Data extract.
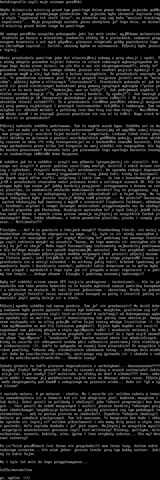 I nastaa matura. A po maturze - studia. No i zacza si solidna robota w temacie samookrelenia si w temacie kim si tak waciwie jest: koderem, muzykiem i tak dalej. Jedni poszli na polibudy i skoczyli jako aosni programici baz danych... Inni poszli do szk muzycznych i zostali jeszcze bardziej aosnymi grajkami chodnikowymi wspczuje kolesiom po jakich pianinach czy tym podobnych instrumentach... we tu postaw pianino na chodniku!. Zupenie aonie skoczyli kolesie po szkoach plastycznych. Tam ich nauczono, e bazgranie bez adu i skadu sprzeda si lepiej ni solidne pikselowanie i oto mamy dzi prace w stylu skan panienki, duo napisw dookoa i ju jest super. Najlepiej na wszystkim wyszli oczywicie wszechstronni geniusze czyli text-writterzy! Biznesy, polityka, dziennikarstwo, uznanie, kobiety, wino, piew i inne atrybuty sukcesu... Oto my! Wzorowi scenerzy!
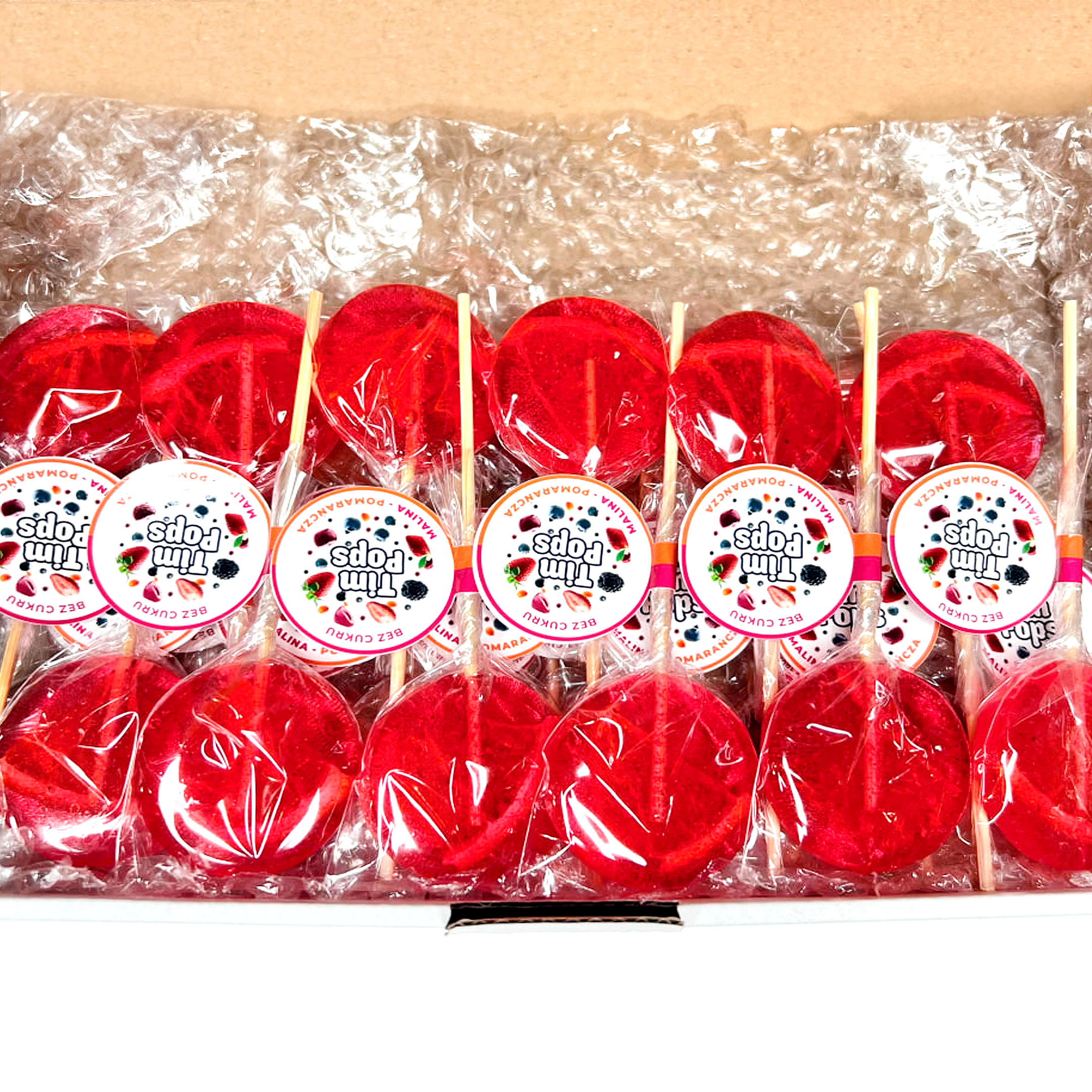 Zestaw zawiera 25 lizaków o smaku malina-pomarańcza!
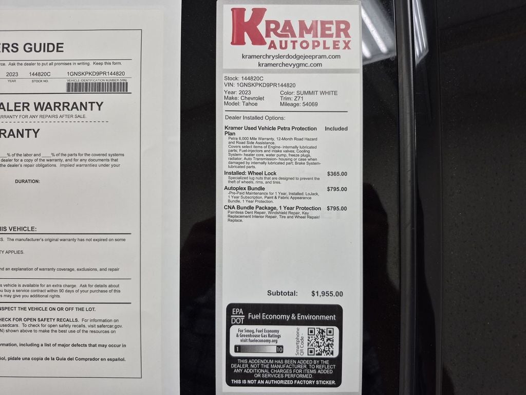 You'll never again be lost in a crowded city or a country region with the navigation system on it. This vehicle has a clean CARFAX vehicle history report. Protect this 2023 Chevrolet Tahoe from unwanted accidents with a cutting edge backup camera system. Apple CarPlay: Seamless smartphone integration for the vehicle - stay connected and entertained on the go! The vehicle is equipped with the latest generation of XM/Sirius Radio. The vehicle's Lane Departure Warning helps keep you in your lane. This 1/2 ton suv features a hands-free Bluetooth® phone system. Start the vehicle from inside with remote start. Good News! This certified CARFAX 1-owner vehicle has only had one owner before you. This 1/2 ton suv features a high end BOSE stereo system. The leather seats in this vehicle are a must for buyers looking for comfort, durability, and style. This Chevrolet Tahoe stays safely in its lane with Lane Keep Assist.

Problem requirements. Set the data above down again exactly as given, with no pictures.

Answer to this exercise.
 I nastaa matura. A po maturze - studia. No i zacza si solidna robota w temacie samookrelenia si w temacie kim si tak waciwie jest: koderem, muzykiem i tak dalej. Jedni poszli na polibudy i skoczyli jako aosni programici baz danych... Inni poszli do szk muzycznych i zostali jeszcze bardziej aosnymi grajkami chodnikowymi wspczuje kolesiom po jakich pianinach czy tym podobnych instrumentach... we tu postaw pianino na chodniku!. Zupenie aonie skoczyli kolesie po szkoach plastycznych. Tam ich nauczono, e bazgranie bez adu i skadu sprzeda si lepiej ni solidne pikselowanie i oto mamy dzi prace w stylu skan panienki, duo napisw dookoa i ju jest super. Najlepiej na wszystkim wyszli oczywicie wszechstronni geniusze czyli text-writterzy! Biznesy, polityka, dziennikarstwo, uznanie, kobiety, wino, piew i inne atrybuty sukcesu... Oto my! Wzorowi scenerzy!
 Zestaw zawiera 25 lizaków o smaku malina-pomarańcza!
 You'll never again be lost in a crowded city or a country region with the navigation system on it. This vehicle has a clean CARFAX vehicle history report. Protect this 2023 Chevrolet Tahoe from unwanted accidents with a cutting edge backup camera system. Apple CarPlay: Seamless smartphone integration for the vehicle - stay connected and entertained on the go! The vehicle is equipped with the latest generation of XM/Sirius Radio. The vehicle's Lane Departure Warning helps keep you in your lane. This 1/2 ton suv features a hands-free Bluetooth® phone system. Start the vehicle from inside with remote start. Good News! This certified CARFAX 1-owner vehicle has only had one owner before you. This 1/2 ton suv features a high end BOSE stereo system. The leather seats in this vehicle are a must for buyers looking for comfort, durability, and style. This Chevrolet Tahoe stays safely in its lane with Lane Keep Assist.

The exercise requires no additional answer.